# Bienvenidos a MagiaPotagia > Preguntas frecuentes sobre la dinámica el foro >  Liado con las fotos

## Dieani

¡¡Buenas!!

Estoy mirando como poner la foto para que se vea cuando escribo los mensajes pero no lo consigo, he leido lo de crear albums, me he creado uno y no puedo usar esa foto y esde tamaño de 52K.

A ver si algún iluminado me echa una manita jejeje

Ciaito!!!

----------


## Ravenous

Supongo que lo que quieres es poner un avatar.

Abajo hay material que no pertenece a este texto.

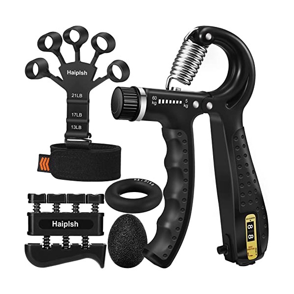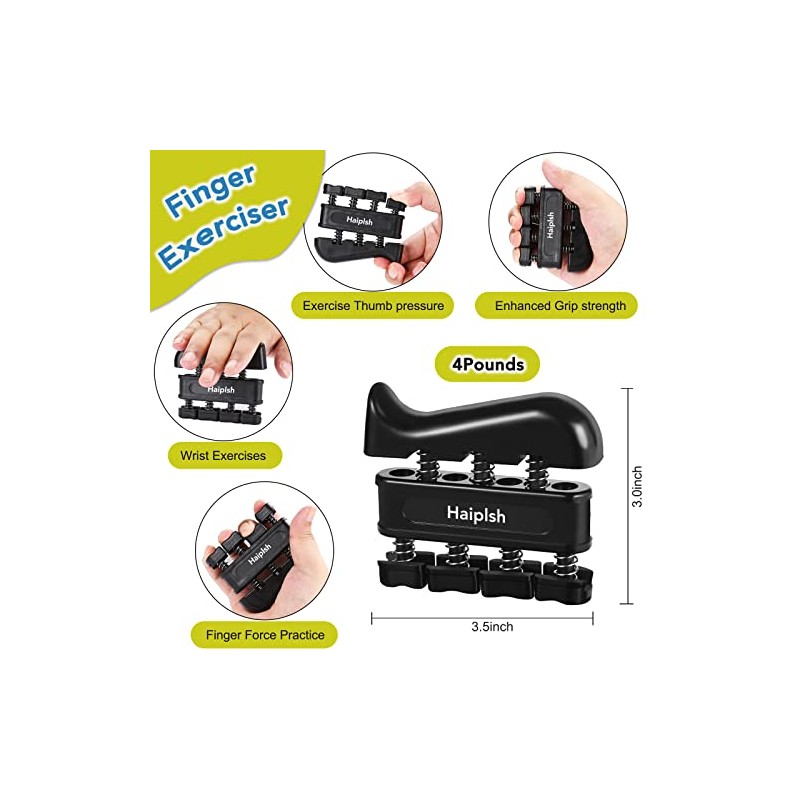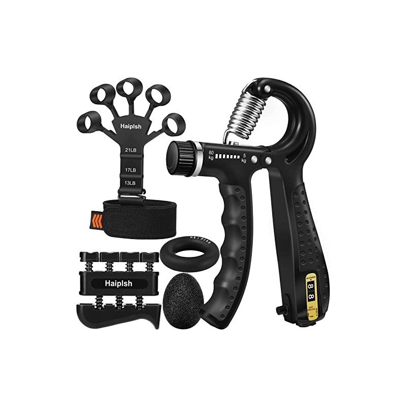 Q: What's inside the package?1 x Adjustable Counting Forearm Gripper (10-132 lbs)1 x Adjustable Finger Resistance Band (13 lbs, 17 lbs, 21 lbs)1 x Finger Exerciser (4 lbs)1 x Stress Relief Ball1 x Hand Strength Ring1 x User Warranty ManualQ: Why choose this combination to enhance forearm grip strength?A: This combination is not only perfect for anyone looking to improve their grip strength and overall hand health, but also without causing fatigue or injury due to excessive one-sided exertion.

Panel de control. En las opciones de la izquierda, ve a editar avatar, y sigue las instrucciones.

----------


## Dieani

Oki doki!!

Solucionado muchísimas gracias!!!

Ciaito!!!

----------


## magobernal

como se crea un albun?

----------


## Dieani

> como se crea un albun?


Buenas.

En panel de control, le das a Fotos y &#193;lbumes.

Espero que te sirva.

Ciaito!

----------


## chuchenager

Buenas,
Tengo un problemilla, estoy intentando agregar una foto en mi perfil con los requisitos que me pide y me dice que la carga del archivo fracaso !! A que se debe?

----------


## AHC

> Buenas,
> Tengo un problemilla, estoy intentando agregar una foto en mi perfil con los requisitos que me pide y me dice que la carga del archivo fracaso !! A que se debe?


Verificá esto.
Requisitos Avatar y Perfil

*El tamaño máximo de tu imagen personal es de 150 por 150 píxeles o 48,8 KB (Kilobytes) o inferior.*

Saludos
AHC

----------